Its price is very competitive with other mirrorless ILCs on the market, making this a model well worth considering for those looking for an intermediate level camera. It doesn't have enough highly advanced features to appeal to someone seeking a professional level model, so those photographers may want to consider one of Canon's powerful, high-end DSLRs.

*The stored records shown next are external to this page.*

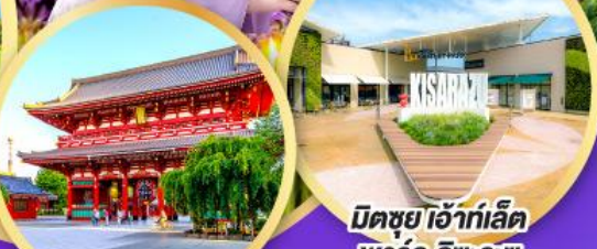
มิตซึย เอ้าท์เล็ต พาร์ค คิซึระซึ
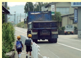
■通学路の歩道整備 七尾鹿島羽咋線 中能登町二宮～小竹地内
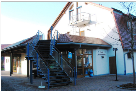
Im Obergeschoss finden Sie die Zentrale Verwaltung der Einrichtung, unten das Café ERLACHER HÖHE
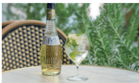
サンジェルマンズスプリッツァー 680(748) エルダーフラワー+スパークリングワイン+ソーダ St-Germain Spritzer
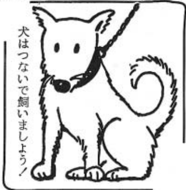
犬はつないで飼いましよう
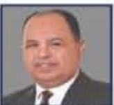
مهاجره وزير الداخلية
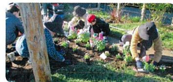
公園の緑化(みやま市) 有富地区
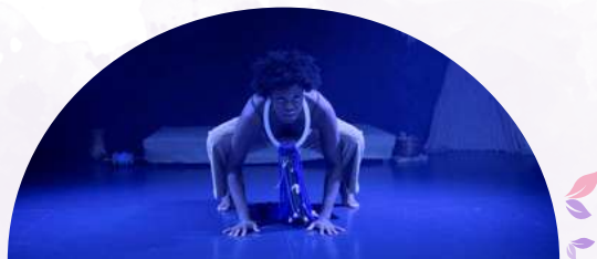
Títuba, bruixa, negra i ramera

Reserva prèvia en el següent sistema de reserva
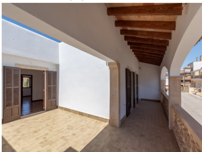
Obere Etage mit weitläufiger Terrasse
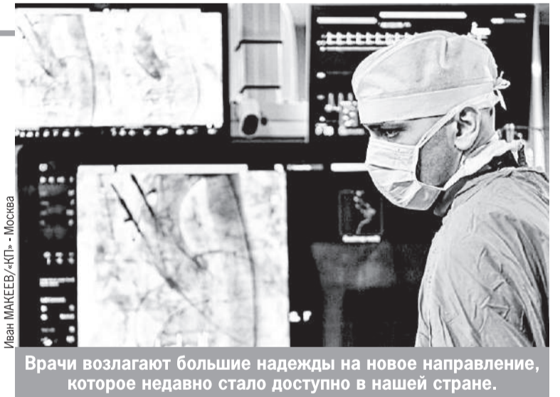
Иван МАКЕЕВ/«КП» - Москва

- Были разработаны специальные микросферы, которые облучаются в реакторе и несут на себе заряд, - рассказывает Константин Викторович. - Первая операция с отечественными микросфе-
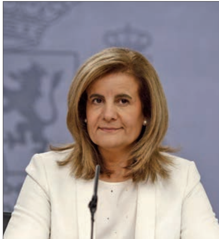
La ministra de Empleo, Fátima Báñez

Si lo dividimos por género, el desempleo entre los varones bajó en 200 personas frente a un aumento del paro femenino de 2.431 (+0,1%). Así, el total de mujeres en paro se situó al finalizar el mes pasado en 2.261.513 y el de varones, en 1.891.473.
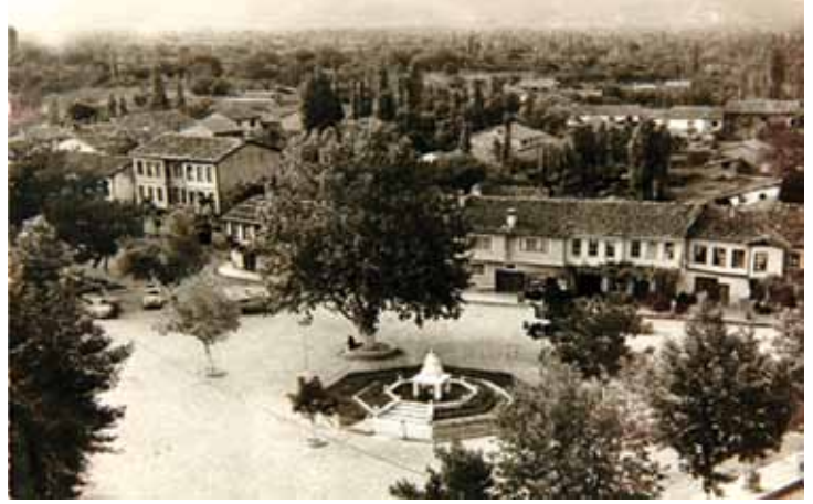
Gürsu’dan eski görünüm

Farklı yörelerden farklı kültürleri yöreye taşıyarak, kültürel bir mozaik oluşturan ilçe halkı, kendi
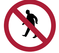
Prohibido Transitar Peatones

Specifications of The Canon EOS M3

  • Resolution: 24.2 megapixels
  • Optical zoom: NA, uses interchangeable lenses
  • LCD: 3.0-inch, 1,040,000 pixels (touch and tilt enabled)
  • Maximum image size: 6000 x 4000 pixels
  • Battery: Rechargeable Li-Ion
  • Dimensions: 4.37 x 2.68 x 1.75 inches
  • Weight: 12.9 ounces (including battery and memory card)
  • Image sensor: APS-C (22.3x14.9 mm)
  • Movie mode: HD 1080p

Pros and Cons of The Canon EOS M3​


  • Great image quality in normal shooting situations
  • Small camera versus other intermediate models
  • Fast working camera in terms of autofocus and in speed of recovery between shots
  • Strong LCD screen that also offers touch and tilt capabilities
  • Good price point versus other mirrorless cameras
  • M3 creates very good movie quality, and HDMI port allows you to easily share video on a TV


  • Camera doesn't perform well when shooting at high ISO settings in low light scenes
  • Battery life could be better
  • Limited number of lenses available
  • Camera doesn't have image stabilization built into it
  • Viewfinder must be purchased as an extra accessory

Image Quality

With 24.2 megapixels of resolution and an APS-C sized image sensor, the Canon M3 creates vibrant and sharp images when the lighting conditions are good. Even though most cameras perform well in outdoor lighting, the Canon M3's images seem to be just a bit better than most cameras when the light is just right.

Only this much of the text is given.